Düşündüğüne nazaran bu kez bir açıklıkta değil, ormanın içindeydi. Başını iki yana sallayarak adımlarını sürdürdü, sevgili dostu askerler tarafından harabeye çevrilen eski kulübesinden ders çıkarmış olmalıydı. Bunu bulması çok daha zordu. Kusmuk otunun berbat kokusu burnuna dolduğunda yüzünü buruşturdu istemsizce, boynundaki bezi burnuna siper etti.
"Jongdaeyah!"
Gür sesi ormanda yankılanırken kimseden cevap gelmeyince çattı kaşlarını. İçine kötü bir his düşerken adımlarını hızlandırıp kulübeye daha da yaklaştı.
"Yah, Jongd-"
Aniden ayaklarının altındaki zemin çekildiğinde ve kendini derin bir çukurun içine düşerken bulduğunda omzundaki baltayı şiddetle toprağa saplayıp ona tutunmayı denedi. Ancak bunun için geç kalmıştı. Balta onun ağırlığını taşıyamadı ve Park Chanyeol kendini çukurun dibinde buldu.

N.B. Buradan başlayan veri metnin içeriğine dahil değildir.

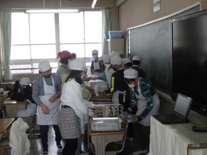 6年生の様子です。静かに給食の準備が進んでいます。さすが6年生、作業がとてもスムーズです。
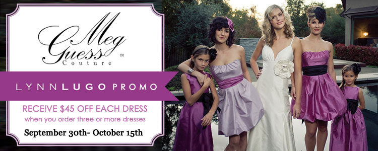 Check out this sweet deal from Meg Guess Couture! September 30 – October 15 receive $45 off each Lynn Lugo dress when you order three or more dresses! Happy shopping!

Öfkeli bir küfür mırıldanıp toprağın en sağlam tarafını incelemeye koyulduğunda yukarıdan duyulan ufak hışırtıyla birlikte durdu. Hızla sırtına asılı kalkanı çıkarıp başına siper ederken bir eli hançerindeydi.
"Bir avcının evine girerken dikkatli olmalısın, kadim dostum." diye mırıldandı yukarıdaki. "Ülkenin en iyi savaşçısı olsan bile..."
Jongdae keyifle elindeki halatı uzattığında Chanyeol sıkıntılı bir nefes verdi. "Senin işin olduğunu tahmin etmeliydim..." diye mırıldandı ifadesini düzeltme gereği duymadan. Halata tutunarak yukarı tırmanmaya başladı.
"Kesinlikle..." diye mırıldandı diğeri. "Her şeyden önce tuzağı fark etmiş olman gerekiyordu." İşleri bitip genç adamı yukarı çıkardıklarında tuzağı yeniden kapattı ve üzerindeki tozları silkeleyen çocukluk arkadaşına dönüp onu sıkıca kucakladı.
ŞİMDİ OKUDUĞUN
a n é m o n e
FanfictionÜlkesini canı pahasına korumaya and içmiş Kanaeki kralı, Kim Jongin. Acımasız, güç düşkünü ve bir o kadar da kudretli Kayra kralının biricik prensesi, Choi Aera. Taht savaşları arasına sıkışıp kalmış çocukluk aşkları, kanlı oyunlar, gizli arzular...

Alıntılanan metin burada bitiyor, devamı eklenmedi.